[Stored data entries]
______

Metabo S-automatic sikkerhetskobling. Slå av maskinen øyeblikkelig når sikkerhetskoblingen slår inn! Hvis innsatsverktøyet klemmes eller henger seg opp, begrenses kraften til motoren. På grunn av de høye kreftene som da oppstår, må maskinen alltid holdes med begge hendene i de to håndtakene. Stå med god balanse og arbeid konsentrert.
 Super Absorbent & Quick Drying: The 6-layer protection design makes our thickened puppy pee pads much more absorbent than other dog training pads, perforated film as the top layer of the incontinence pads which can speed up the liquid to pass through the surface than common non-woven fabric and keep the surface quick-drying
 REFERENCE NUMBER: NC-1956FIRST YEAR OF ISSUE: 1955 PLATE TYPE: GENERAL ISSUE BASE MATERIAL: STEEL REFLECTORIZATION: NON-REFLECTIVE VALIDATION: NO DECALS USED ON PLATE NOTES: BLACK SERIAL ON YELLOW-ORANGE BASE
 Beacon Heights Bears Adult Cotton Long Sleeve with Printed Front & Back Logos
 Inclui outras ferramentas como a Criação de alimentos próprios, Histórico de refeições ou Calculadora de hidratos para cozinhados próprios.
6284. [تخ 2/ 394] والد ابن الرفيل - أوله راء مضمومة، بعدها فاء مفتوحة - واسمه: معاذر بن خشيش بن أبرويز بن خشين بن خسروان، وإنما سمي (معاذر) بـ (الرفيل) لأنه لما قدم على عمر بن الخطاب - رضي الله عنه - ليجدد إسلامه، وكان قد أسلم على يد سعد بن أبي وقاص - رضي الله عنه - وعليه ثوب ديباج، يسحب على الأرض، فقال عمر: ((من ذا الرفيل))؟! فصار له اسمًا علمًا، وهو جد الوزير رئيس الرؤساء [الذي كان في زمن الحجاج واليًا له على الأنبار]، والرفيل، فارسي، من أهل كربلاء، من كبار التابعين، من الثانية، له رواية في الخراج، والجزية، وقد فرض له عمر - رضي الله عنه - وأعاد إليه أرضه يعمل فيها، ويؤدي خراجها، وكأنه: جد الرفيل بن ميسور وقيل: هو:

______

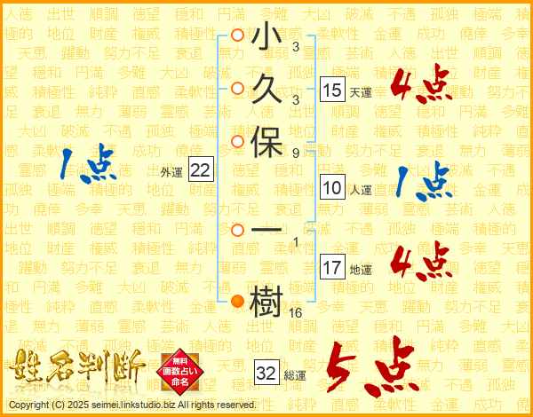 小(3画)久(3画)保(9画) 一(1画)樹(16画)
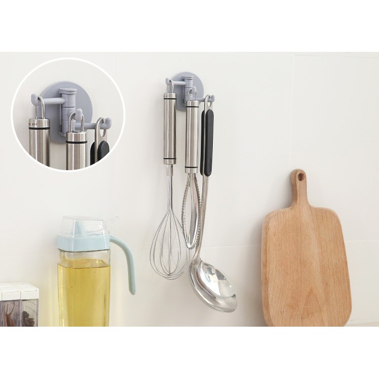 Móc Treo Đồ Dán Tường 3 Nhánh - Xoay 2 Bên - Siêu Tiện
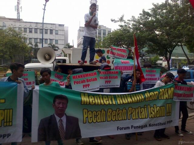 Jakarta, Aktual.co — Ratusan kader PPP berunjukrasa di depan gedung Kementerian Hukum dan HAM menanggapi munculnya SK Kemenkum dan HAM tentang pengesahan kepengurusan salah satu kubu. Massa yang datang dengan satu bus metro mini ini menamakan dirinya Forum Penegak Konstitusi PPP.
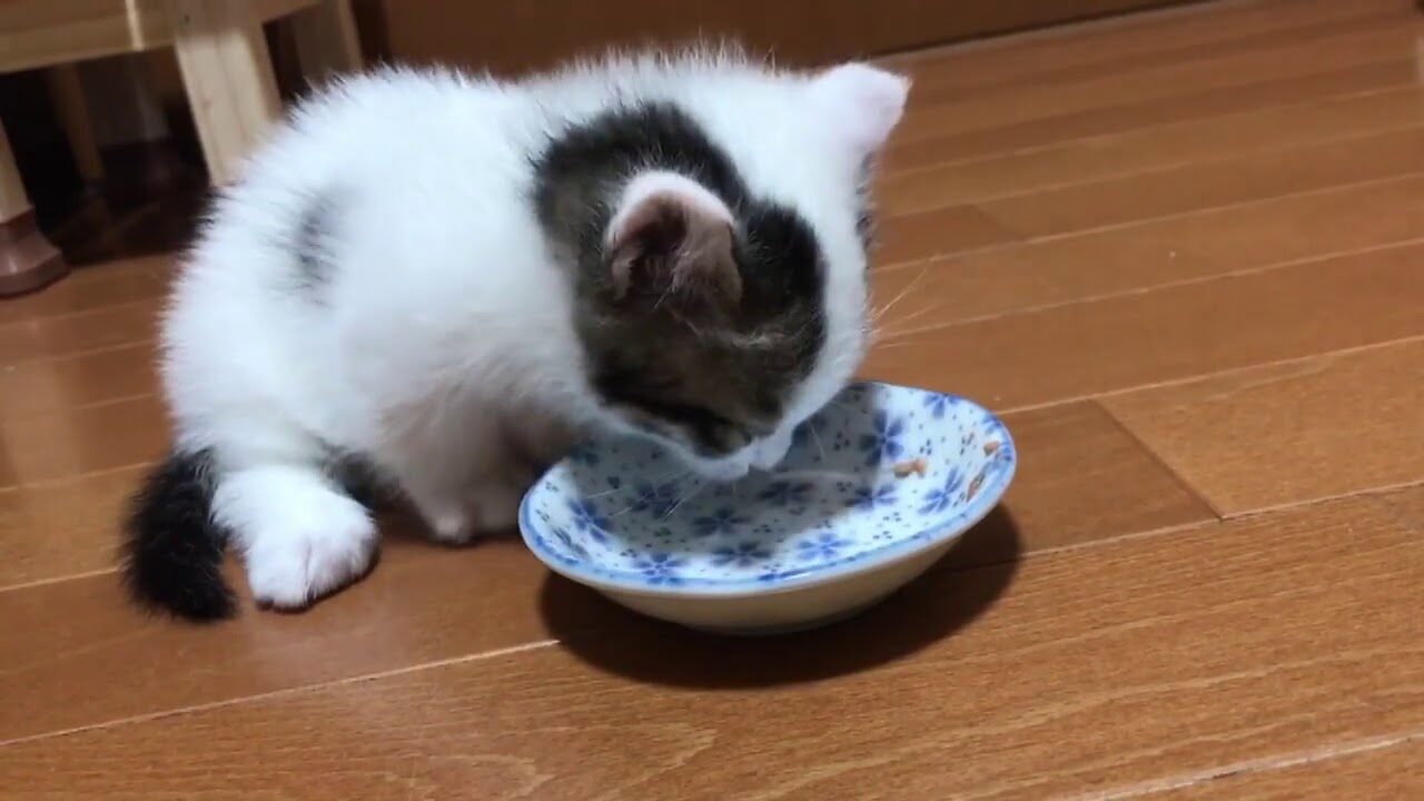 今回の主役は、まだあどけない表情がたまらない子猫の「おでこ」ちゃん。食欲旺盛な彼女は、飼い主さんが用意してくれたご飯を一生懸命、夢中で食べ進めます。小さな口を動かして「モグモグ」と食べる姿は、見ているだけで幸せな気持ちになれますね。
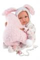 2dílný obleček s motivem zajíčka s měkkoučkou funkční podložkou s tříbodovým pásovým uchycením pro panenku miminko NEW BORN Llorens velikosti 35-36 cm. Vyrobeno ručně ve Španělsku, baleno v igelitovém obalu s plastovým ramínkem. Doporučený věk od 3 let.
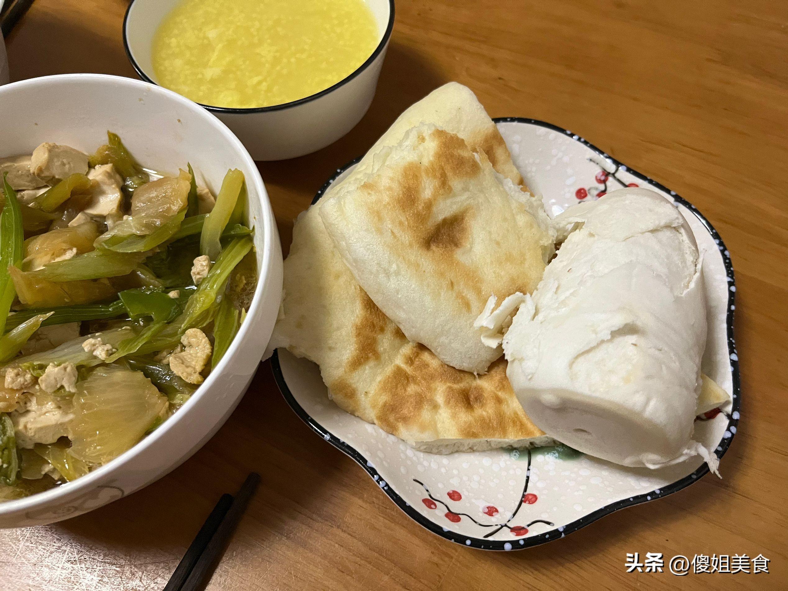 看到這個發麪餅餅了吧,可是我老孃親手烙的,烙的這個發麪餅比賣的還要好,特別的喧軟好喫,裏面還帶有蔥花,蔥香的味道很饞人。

______

— Problem —
Look above for the line with "Móc Treo Đồ" and the line with "看到這個發麪餅餅了吧,可是我". Copy them and every line between, exactly, but no pictures.

— Answer box —
 Móc Treo Đồ Dán Tường 3 Nhánh - Xoay 2 Bên - Siêu Tiện
 Jakarta, Aktual.co — Ratusan kader PPP berunjukrasa di depan gedung Kementerian Hukum dan HAM menanggapi munculnya SK Kemenkum dan HAM tentang pengesahan kepengurusan salah satu kubu. Massa yang datang dengan satu bus metro mini ini menamakan dirinya Forum Penegak Konstitusi PPP.
 今回の主役は、まだあどけない表情がたまらない子猫の「おでこ」ちゃん。食欲旺盛な彼女は、飼い主さんが用意してくれたご飯を一生懸命、夢中で食べ進めます。小さな口を動かして「モグモグ」と食べる姿は、見ているだけで幸せな気持ちになれますね。
 2dílný obleček s motivem zajíčka s měkkoučkou funkční podložkou s tříbodovým pásovým uchycením pro panenku miminko NEW BORN Llorens velikosti 35-36 cm. Vyrobeno ručně ve Španělsku, baleno v igelitovém obalu s plastovým ramínkem. Doporučený věk od 3 let.
 看到這個發麪餅餅了吧,可是我老孃親手烙的,烙的這個發麪餅比賣的還要好,特別的喧軟好喫,裏面還帶有蔥花,蔥香的味道很饞人。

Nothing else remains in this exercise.